I think I'd be at a disadvantage being 16 stone on a 180kg bike although mine has been dynojetted etc, but it would be great to go for a ride mate. I know I've got a big bike but I'm a corner man really thats why I bought the RS250 aswell GET THAT KNEE DOWN AT SILLY SPEEDS (And me and my brother are going to race it)

I know the 0-60's are the same for mostly all bikes (the RS250 is quick 0-60) its the 60-100 and beyond where it shows.

Anyway I like the GSXR's, When I passed my test I really wanted a GSXR600 but managed to get my CBR for 500 :shock: Got my ZX9R for 2000 :shock: :shock:

J


----------



## Guest (Jan 2, 2005)

You know the Bristol City footbal stadium? Near there.

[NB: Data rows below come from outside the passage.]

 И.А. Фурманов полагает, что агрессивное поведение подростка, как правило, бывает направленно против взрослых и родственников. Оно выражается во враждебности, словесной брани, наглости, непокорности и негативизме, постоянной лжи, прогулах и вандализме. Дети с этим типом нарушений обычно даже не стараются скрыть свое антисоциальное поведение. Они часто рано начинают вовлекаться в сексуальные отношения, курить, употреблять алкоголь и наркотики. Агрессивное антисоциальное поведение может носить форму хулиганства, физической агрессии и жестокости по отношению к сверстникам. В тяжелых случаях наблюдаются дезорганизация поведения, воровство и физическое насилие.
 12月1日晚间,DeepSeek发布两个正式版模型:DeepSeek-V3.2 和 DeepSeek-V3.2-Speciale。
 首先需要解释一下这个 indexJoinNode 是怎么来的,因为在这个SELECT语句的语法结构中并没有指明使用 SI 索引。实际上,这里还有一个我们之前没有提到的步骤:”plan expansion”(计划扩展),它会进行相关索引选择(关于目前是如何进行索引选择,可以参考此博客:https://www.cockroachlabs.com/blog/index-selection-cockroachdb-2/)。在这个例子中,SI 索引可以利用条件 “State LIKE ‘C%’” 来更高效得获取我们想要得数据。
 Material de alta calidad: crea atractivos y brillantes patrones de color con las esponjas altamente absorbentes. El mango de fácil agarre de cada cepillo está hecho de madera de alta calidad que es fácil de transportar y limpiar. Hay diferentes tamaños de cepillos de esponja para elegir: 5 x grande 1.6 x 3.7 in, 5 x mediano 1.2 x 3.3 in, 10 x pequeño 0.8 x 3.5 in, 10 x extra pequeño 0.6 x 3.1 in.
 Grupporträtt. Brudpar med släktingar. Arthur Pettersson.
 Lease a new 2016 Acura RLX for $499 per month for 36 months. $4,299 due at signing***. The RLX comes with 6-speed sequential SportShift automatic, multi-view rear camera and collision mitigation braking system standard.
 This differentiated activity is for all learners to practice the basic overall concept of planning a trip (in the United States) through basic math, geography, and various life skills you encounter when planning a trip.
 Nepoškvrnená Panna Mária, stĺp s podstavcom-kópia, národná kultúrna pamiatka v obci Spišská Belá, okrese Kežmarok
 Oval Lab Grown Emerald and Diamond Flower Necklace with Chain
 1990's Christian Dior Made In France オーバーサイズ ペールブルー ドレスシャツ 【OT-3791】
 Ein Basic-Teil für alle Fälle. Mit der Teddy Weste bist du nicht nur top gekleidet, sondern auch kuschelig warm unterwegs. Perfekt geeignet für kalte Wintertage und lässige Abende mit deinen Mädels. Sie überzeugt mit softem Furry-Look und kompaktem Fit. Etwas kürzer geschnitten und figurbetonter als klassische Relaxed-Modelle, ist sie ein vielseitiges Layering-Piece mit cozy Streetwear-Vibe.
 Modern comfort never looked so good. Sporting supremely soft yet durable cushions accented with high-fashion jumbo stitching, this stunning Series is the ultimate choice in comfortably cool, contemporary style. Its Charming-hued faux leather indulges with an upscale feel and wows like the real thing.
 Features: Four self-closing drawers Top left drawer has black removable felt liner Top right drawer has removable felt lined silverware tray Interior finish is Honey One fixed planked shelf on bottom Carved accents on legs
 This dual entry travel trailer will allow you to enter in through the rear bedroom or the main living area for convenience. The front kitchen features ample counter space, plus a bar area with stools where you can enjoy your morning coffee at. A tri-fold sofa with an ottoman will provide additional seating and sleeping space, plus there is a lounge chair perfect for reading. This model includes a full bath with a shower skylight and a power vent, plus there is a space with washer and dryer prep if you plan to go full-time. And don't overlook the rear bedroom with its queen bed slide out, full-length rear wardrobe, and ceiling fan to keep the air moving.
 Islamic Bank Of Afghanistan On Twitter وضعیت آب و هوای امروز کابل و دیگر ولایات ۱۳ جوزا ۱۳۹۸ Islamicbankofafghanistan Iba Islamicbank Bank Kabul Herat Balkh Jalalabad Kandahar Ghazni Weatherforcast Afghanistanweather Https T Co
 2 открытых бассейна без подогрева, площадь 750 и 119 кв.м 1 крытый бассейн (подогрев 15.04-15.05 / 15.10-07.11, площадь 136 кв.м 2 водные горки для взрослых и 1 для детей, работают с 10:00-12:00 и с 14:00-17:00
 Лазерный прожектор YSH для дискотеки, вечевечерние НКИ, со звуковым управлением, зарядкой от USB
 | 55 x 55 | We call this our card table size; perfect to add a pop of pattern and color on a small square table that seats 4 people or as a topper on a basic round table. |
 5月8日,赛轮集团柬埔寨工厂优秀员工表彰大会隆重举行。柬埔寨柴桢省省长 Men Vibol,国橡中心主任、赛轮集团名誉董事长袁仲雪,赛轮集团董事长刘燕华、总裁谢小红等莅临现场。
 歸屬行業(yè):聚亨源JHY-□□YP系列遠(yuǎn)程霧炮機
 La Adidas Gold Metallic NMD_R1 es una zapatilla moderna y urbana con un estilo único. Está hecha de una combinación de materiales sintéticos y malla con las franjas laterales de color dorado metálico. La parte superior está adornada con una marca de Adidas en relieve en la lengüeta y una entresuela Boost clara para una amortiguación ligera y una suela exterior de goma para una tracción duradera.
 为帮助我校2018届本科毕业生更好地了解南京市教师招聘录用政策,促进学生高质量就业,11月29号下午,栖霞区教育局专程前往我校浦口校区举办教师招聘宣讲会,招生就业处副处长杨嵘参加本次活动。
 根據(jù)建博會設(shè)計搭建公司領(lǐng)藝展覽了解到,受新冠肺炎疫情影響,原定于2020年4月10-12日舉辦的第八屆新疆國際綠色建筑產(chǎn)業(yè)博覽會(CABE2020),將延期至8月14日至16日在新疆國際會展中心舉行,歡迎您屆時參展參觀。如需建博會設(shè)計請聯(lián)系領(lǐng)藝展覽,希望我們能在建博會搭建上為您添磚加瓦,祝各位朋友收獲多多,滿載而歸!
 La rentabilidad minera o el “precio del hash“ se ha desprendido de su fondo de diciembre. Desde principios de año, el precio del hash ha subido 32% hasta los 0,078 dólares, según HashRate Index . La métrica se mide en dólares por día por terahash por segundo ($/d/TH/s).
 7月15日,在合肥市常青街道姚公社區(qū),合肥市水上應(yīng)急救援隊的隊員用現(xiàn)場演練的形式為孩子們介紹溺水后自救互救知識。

I go running down the cycle path that goes under the suspension bridge, every other day I try to go.


----------



## Guest (Jan 2, 2005)

oh cool i know where that is. We sometimes have exams at the stadium conference rooms and we go drinking in Avon Gorge which overlooks the Gorge


----------



## thanutz (Dec 30, 2004)

pulse gyms free weight section isnt the best and is always busy anyway!

Yeah ive heard about bikes like the rs250 and rgv 250...shame there not made new anymore they were pocket rockets!

Anil


----------



## nick500 (Dec 12, 2005)

a ha ! anil has finally joined us lot on the boards, good to see u...

steve cheers for the compliments actually means a lot.

gonna do a dedicated post in a minute so i'll leave my progress out of this little message.

nick


----------